Thursday, July 5, 2012

What's Fair? The Ultimatum Game


Sometimes I feel like I'm doing more than my fair share of work. I am reminded of Behavioral Economics' Ultimatum Game.


If you say so : Extensive form representation of a two proposal ultimatum game. Player 1 can offer a fair (F) or unfair (U) proposal; player 2 can accept (A) or reject (R).

The Ultimatum Game

From ye Wiki: The ultimatum game is a game often played in economic experiments in which two players interact to decide how to divide a sum of money that is given to them. The first player proposes how to divide the sum between the two players, and the second player can either accept or reject this proposal. If the second player rejects, neither player receives anything. If the second player accepts, the money is split according to the proposal. The game is played only once so that reciprocation is not an issue.

Equilibrium analysis

For illustration, we will suppose there is a smallest division of the good available (say 1 cent). Suppose that the total amount of money available is x.

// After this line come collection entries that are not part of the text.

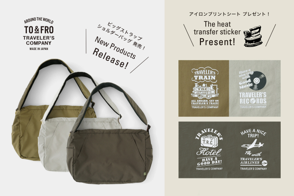 また、ビッグストラップショルダーバッグの発売とアイロンプリントシールのプレゼントは、「TRAVELER’S COMPANY」の直営店、トラベラーズファクトリー中目黒、ステーション(東京駅)、エアポート(成田空港)、京都,オンラインショップでも実施します。
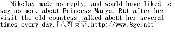 尼古拉没有回答, 他根本不想再谈到公爵小姐。但自从公爵小姐来访后, 伯爵夫人每天都要几次提到她。 She sang her praises; insisted that her son should go and see her; expressed a wish to see more of her; and yet was always out of temper when she had been talking of her. 伯爵夫人夸奖她, 她要儿子到她那儿去一次, 并表示想常常看到她。但是, 一谈到公爵小姐时, 夫人总觉得心中不是滋味。 Nikolay tried to say nothing when his mother talked of Princess Marya, but his silence irritated her. 做母亲的一提起公爵小姐, 尼古拉总是不作声, 他的沉默更惹急了母亲。 ''She is a very good and conscientious girl,'' she would say, ''and you must go and call on her. Anyway, you will see some one; and it is dull for you, I expect, with us.''" 她可是个又贤惠, 又可爱的好姑娘"她说, "你应该去看看她, 你总得去见见人, 要不老和我们在一起, 会憋死的, 我这样想着。" ''But I don't at all wish to, mamma.''" 我一点不想去见人, 妈妈。"
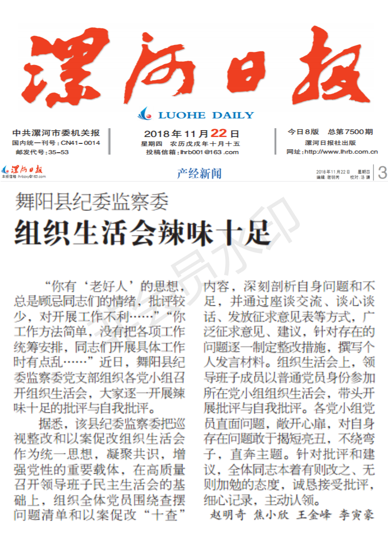 “你有‘老好人’的思想,总是顾忌同志们的情绪,批评较少,对开展工作不利……”“你工作方法简单,没有把各项工作统筹安排,同志们开展具体工作时有点乱……”近日,舞阳县纪委监察委党支部组织各党小组召开组织生活会,大家逐一开展辣味十足的批评与自我批评。
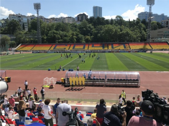 波兰驻地的红色主题 巴西:戏精金丝雀驻场 巴西队把大本营放在了索契,其实他们根本不可能来到这里比赛,但为了让队员能享受到如里约一般的沙滩与阳光,他们还是把基地放在了这座俄罗斯南部城市。 贵为五星战队,也许他们的大本营没有德国或者日本那般细致,但派头绝对是足够的。为了应付封闭式训练和开放式训练的不同要求,他们租下了黑海沙滩边一个拥有两个足球场的酒店。封闭式训练场有着小型的看台,能够容纳足够多的媒体记者。而那个只有全开放式训练才会启用的足球场,则拥有四面看台,可以容纳大量疯狂的巴西球迷进场。
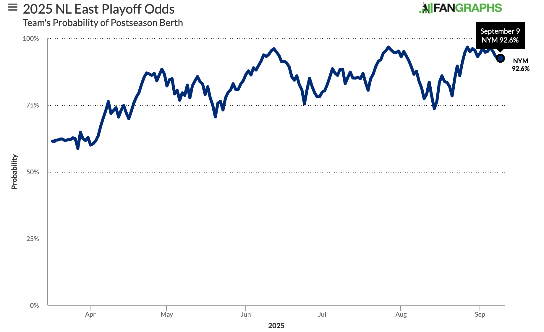 Per Fangraphs, the Mets have a 92.6% chance to reach the postseason.
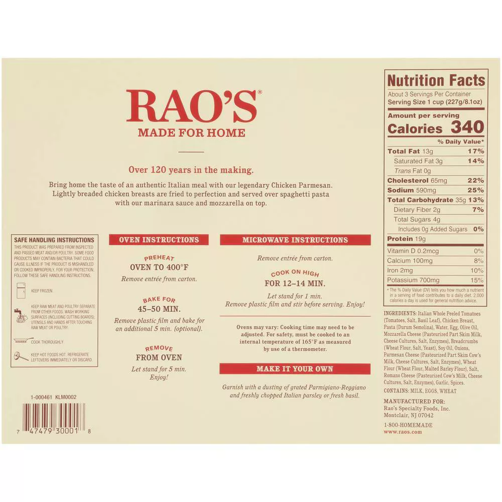 Enjoy the classic Italian flavors of Rao's Made For Home Family Size Frozen Chicken Parmesan. This 25 oz package features crispy breaded chicken breasts, Italian tomatoes, and durum semolina pasta, all topped with delicious mozzarella cheese. Perfect for a quick and hearty meal, this frozen dish offers the authentic taste of Rao's without any preservatives, artificial colors, or flavors. Simply heat and serve for a satisfying and convenient dinner option.

The first player chooses some amount p in the interval [0,x]. The second player chooses some function f: [0, x] → {"accept", "reject"} (i.e. the second chooses which divisions to accept and which to reject). We will represent the strategy profile as (p, f), where p is the proposal and f is the function. If f(p) = "accept" the first receives p and the second x−p, otherwise both get zero. (p, f) is a Nash equilibrium of the ultimatum game if f(p) = "accept" and there is no y > p such that f(y) = "accept" (i.e. player 2 would reject all proposals in which player 1 receives more than p). The first player would not want to unilaterally increase his demand since the second will reject any higher demand. The second would not want to reject the demand, since he would then get nothing.

There is one other Nash equilibrium where p = x and f(y) = "reject" for all y>0 (i.e. the second rejects all demands that gives the first any amount at all). Here both players get nothing, but neither could get more by unilaterally changing his / her strategy.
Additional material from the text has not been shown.